I've got some financial time series in one-minute intervals ("bars"). Because I'll be dealing with some large series, I'm learning to use data.table
, and I'm not quite used to thinking in the data.table
way yet.
In the data I've imported into a data.table
(let's call it DT
here for simplicity), among other things not relevant to this question, I've got a column called Date
in YYYYMMDD
format, a column called Time
in HH:MM
format, and a column called Price
(let's say it's the final price for that minute) that's an integer. I'm simplifying a little, but if anyone can help me with the question I'm asking here, I can adapt it to the details of my data. Here's an example:
Date Time Price
20151028 09:00 47675
20151028 09:01 47650
20151028 09:02 47670
20151028 09:03 47685
20151028 09:04 47690
...
What I'd like to do is calculate, for each minute, the maximum and minimum values of Price
in the day up to that minute. Let's go ahead and add the things I want to calculate as additional columns, which I'll call DayMax
and DayMin
here.
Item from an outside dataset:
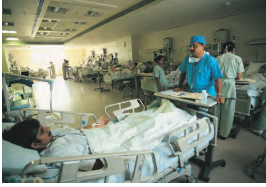
दिल्ली के एक प्रमुख निजी अस्पताल में ऑपरेशन के बाद मरीजों की देखभाल का कमरा।

आपके घर के पास कौन-सी निजी स्वास्थ्य सेवाएँ उपलब्ध हैं? उन्हें चलाने वाले लोगों और वहाँ दी जाने वाली सुविधाओं का पता लगाइए।

The result would then look like this:
Date Time Price DayMax DayMin
20151028 09:00 47675 47675 47675
20151028 09:01 47650 47675 47650
20151028 09:02 47670 47675 47650
20151028 09:03 47685 47685 47650
20151028 09:04 47690 47690 47650
...
I'm pretty sure my by
(which I understand as being like a GROUP BY
in SQL) should be Date
, and I think what I'm having trouble understanding is how to set up my i
(like a WHERE
in SQL), basically because I'm not sure how to use the same column two different ways in the syntax. For each row, I want to calculate the maximum where (and by "where," I think I mean WHERE
) Time
is less than or equal to the value of Time
in that specific row, and where I'm GROUP
(ing)BY
Date, so it's up to that line's time in the specific day. How can I do this in a quick and memory-efficient way using data.table
?
By the way, speaking of "quick and memory-efficient," I'm assuming I should use the :=
operator to create the new columns. Please correct me if I'm wrong about that.